Donald Trump’s four years in the White House have shaken the outer board. Both allied and rival countries have a lot at stake at the polls
Between resignation and hope, and in the shadow of a new wave of coronavirus, the world looks with the utmost expectation at the US Donald Trump’s term, marked by unilateralism and trade disputes, has shaken the international board and has dynamited some traditional Washington alliances. Some international players hope that he will win re-election, but others are confident that a Joe Biden victory will at least smooth over the edges. The Democrat, despite everything, also does not arouse enthusiasm among some of those who prefer a change in the leadership of the world’s leading power.

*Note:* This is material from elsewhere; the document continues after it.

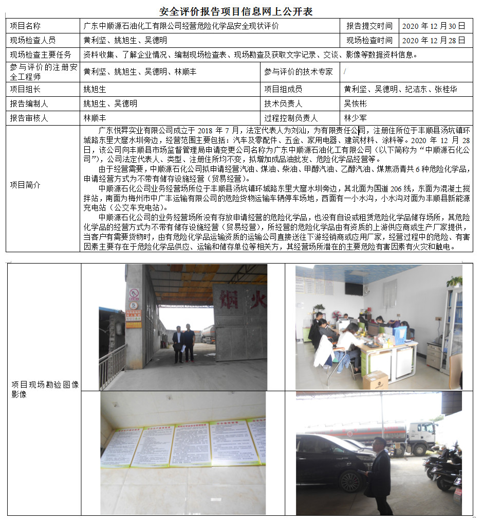 广东中顺源石油化工有限公司经营危险化学品安全现状评价

The health, social and economic crisis caused by the pandemic keeps European leaders absorbed, with little time to look to the other side of the Atlantic. But over Brussels and the rest of European capitals the shadow of a second victory for Donald Trump in the elections of November 3 or, worse still, that of a defeat not admitted by the current occupant of the White House.

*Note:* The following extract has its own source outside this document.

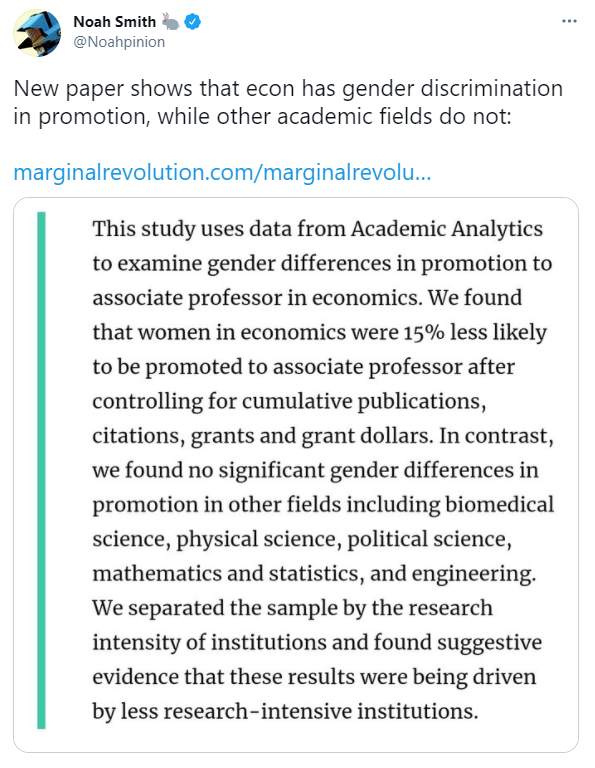 根据一项新研究,经济学领域的女性晋升为副教授的可能性要低15%,而在其他领域没有这种性别差异。

Never before has the European Union faced the risk of a failed election in the greatest power on the planet. With some irony, one MEP has even proposed that Brussels send an observer mission to verify that the US elections comply with the democratic standards that the EU usually demands of countries with suspected political networks.
The unknown about the electoral outcome contrasts with the clear conviction that, whoever wins, the major trends in the transatlantic relationship will remain unchanged. “There will be nuances if the Democrat Joe Biden reaches the White House, but a sharp turn in US international politics cannot be expected,” says a senior official at the European Commission.
Brussels assumes that Washington will continue to ignore the security of the old continent, a trend that began under the presidency of Barack Obama and accentuated with Trump. The second major trend that will continue to affect Europe will be the confrontation between the US and China, “a policy in which both Republicans and Democrats agree,” says a community source.
Faced with these two invariable trends, the European Union awaits the US elections between resignation and mistrust. The EU and, in particular, its main partner, Germany, arrive scared after four years of disagreements with the Trump Administration. German Chancellor Angela Merkel and French President Emmanuel Macron tried, with little luck, to ingratiate themselves with the peculiar American leader, confident that the exercise of power would lead him to value the transatlantic relationship.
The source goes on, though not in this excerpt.